The American Kafir

2010/07/15

About those decapitations in the Arizona desert

Note what it states about Dana Milbank and the Washington Post, they ridicule  because they do not investigate the story, they sit on their fat asses and make up stories to be posted for all good mindless liberals to read and believe.

I have to ask, what religion requires the hacking off of someone’s head if the individual refuses to accept their religion? Guess who else is crossing the borders besides the Mexican Drug Cartel and illegal Mexican’s?? Need I say more??

Walt

Source: Washington Examiner

By: Joan Neuhas Schaan

OpEd Contributor

With some concern and disbelief, I have been astounded at the lack of understanding of the severity of the situation in Mexico and the possibility that it has crossed the border.

Last week, Dana Milbank of The Washington Post severely ridiculed reports from Arizona of decapitated heads found in the desert. This comment was made within a day or two of the discovery of two decapitated bodies in Chihuahua, Chihuahua, just south of El Paso, Texas.

While I cannot comment on the veracity of specific reports of headless bodies in the Arizona desert, the occurrence of headless bodies in Mexico has been epidemic.  It is only a matter of time until the phenomenon is regularly encountered in the U.S.

Let me suggest the general public familiarize themselves with press reports since the first of this year.  This is by no means an exhaustive list of the decapitation incidents, as many, if not most, incidents do not go reported.
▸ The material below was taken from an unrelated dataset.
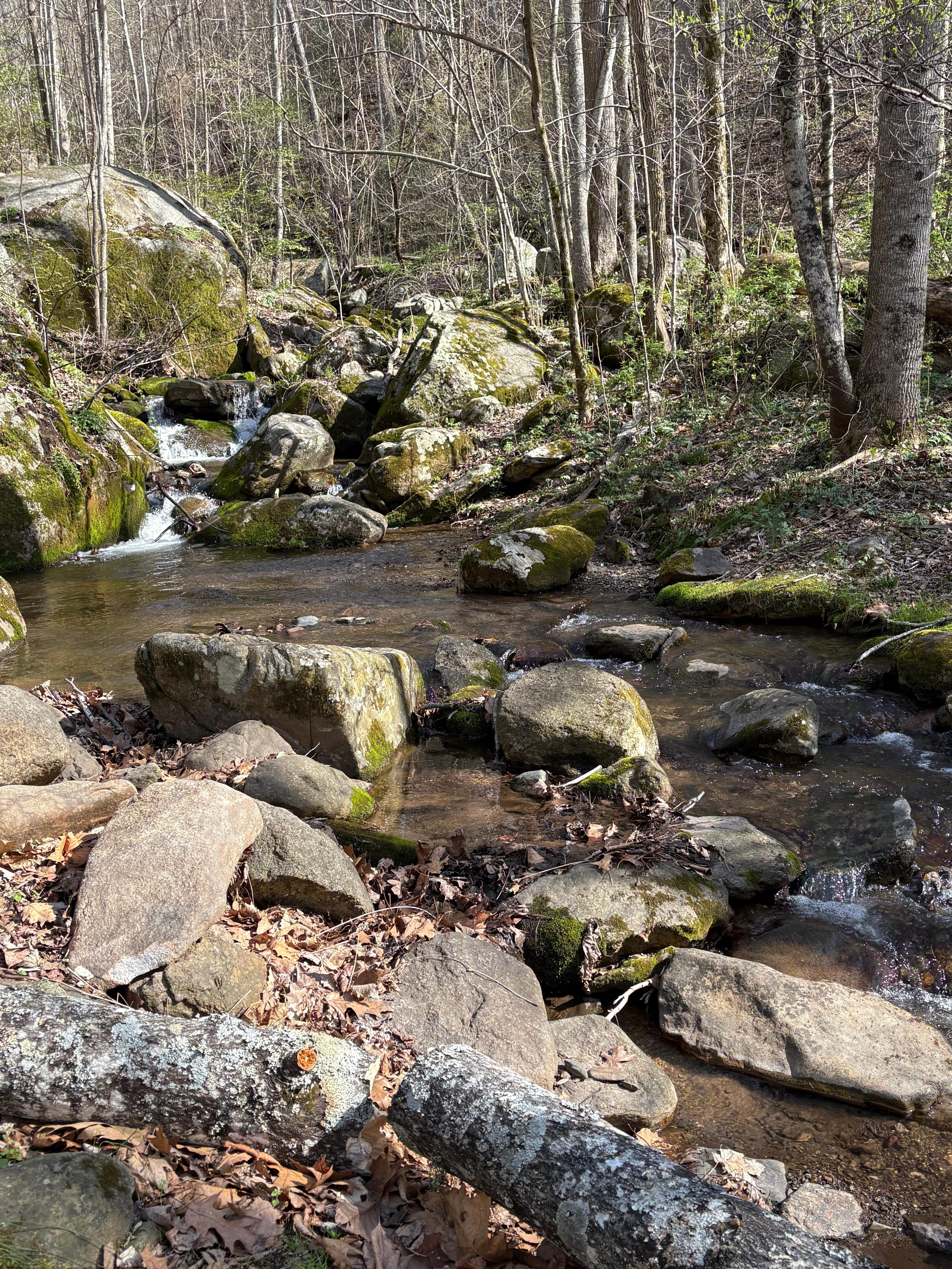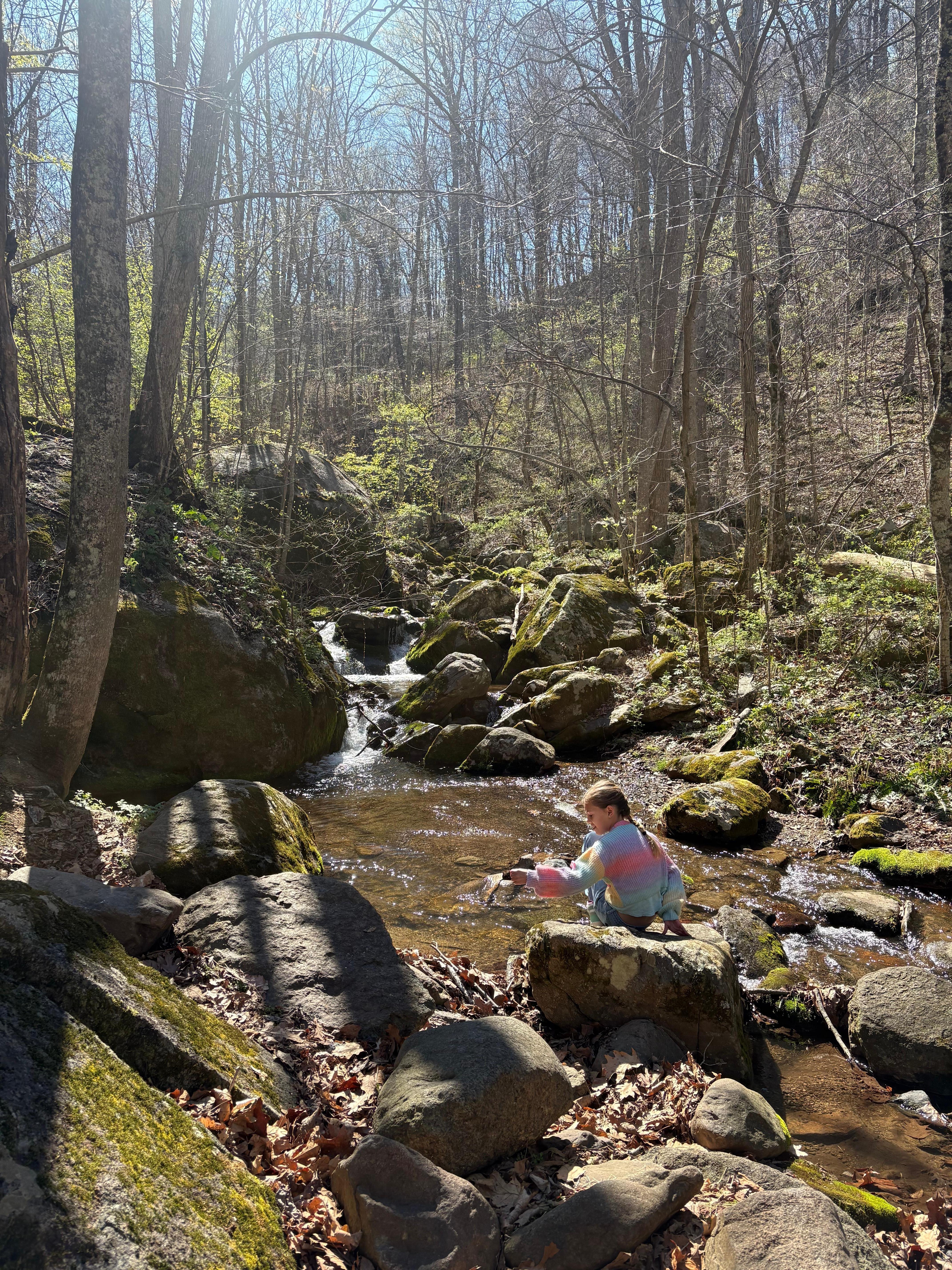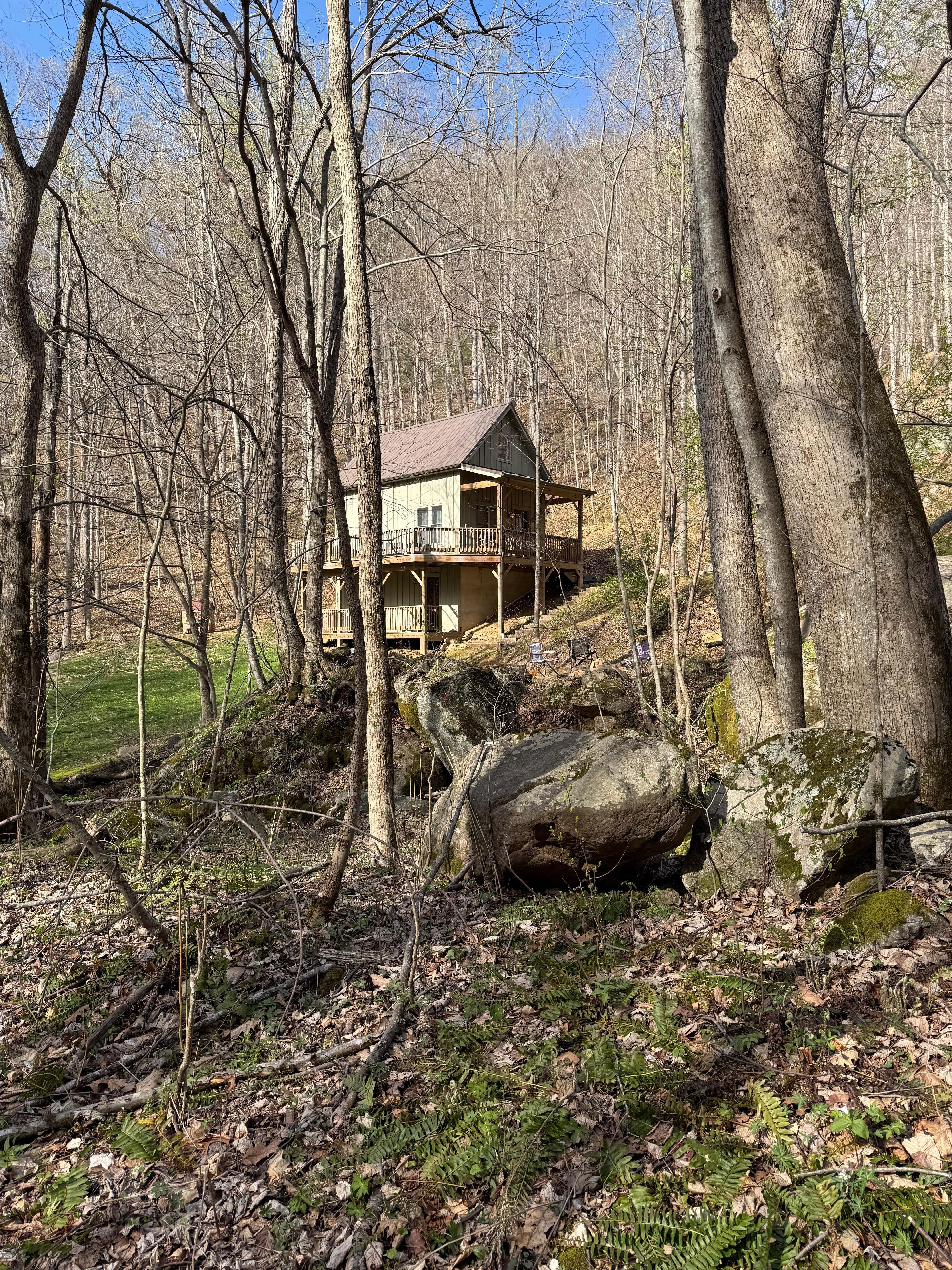 Our cabin is on the side of the mountain with some steep terrain and lots of natural elements outside to discover. The creek is a fun place to splash and explore.

  • July 6, 2010: Two decapitate bodies found in Chihuahua, Chihuahua.
  • Junue 30, 2010:  A severed head was found on the doorstep of Ciudad Juarez mayoral candidate Hector Murguia.  (Wall Street Journal)
  • June 16, 2010:  A police officer is found decapitated in Apodaca, Nuevo Leon.  (Expresion Libre)
  • June 2, 2010:  Six human heads found in two Durango cities, Lerdo and Gomez Palacio.  (EFE)
  • May 10, 2010:  Two decapitated bodies found in Cancun.  (El Universal)
  • May 4, 2010:  Three decapitated bodies found in Costa Chica region, Guerrero.  (Proceso.)
  • April 12, 2010:  Dismembered body found in Cuernavaca. (El Universal)
  • April 11, 2010:  Decapitated body found on Morelos highway between Cuernavaca and Acapulco.  (El Universal)
  • April 3, 2010:  Decapitated body of a female found in Chihuahua, Chihuahua.  (El Diario Chihuahua.) Spring 2010:  Police Chief of Aguascalientes, Nuevo Leon found decapitated.
  • March 25, 2010:  Decapitation victim found at shopping center in Ciudad Juarez, Chihuahua.  (El Agora de Chihuahua)
  • March 22, 2010:  Two dismembered bodies found in Acapulco.  (Reforma)
  • March 10, 2010:  Police find five heads in ice coolers in Guadalajara, Jalisco.  (BBC News)
  • January 25, 2010:  Decapitated head found on grave in Altamira, Tamaulipas.  (El Universal)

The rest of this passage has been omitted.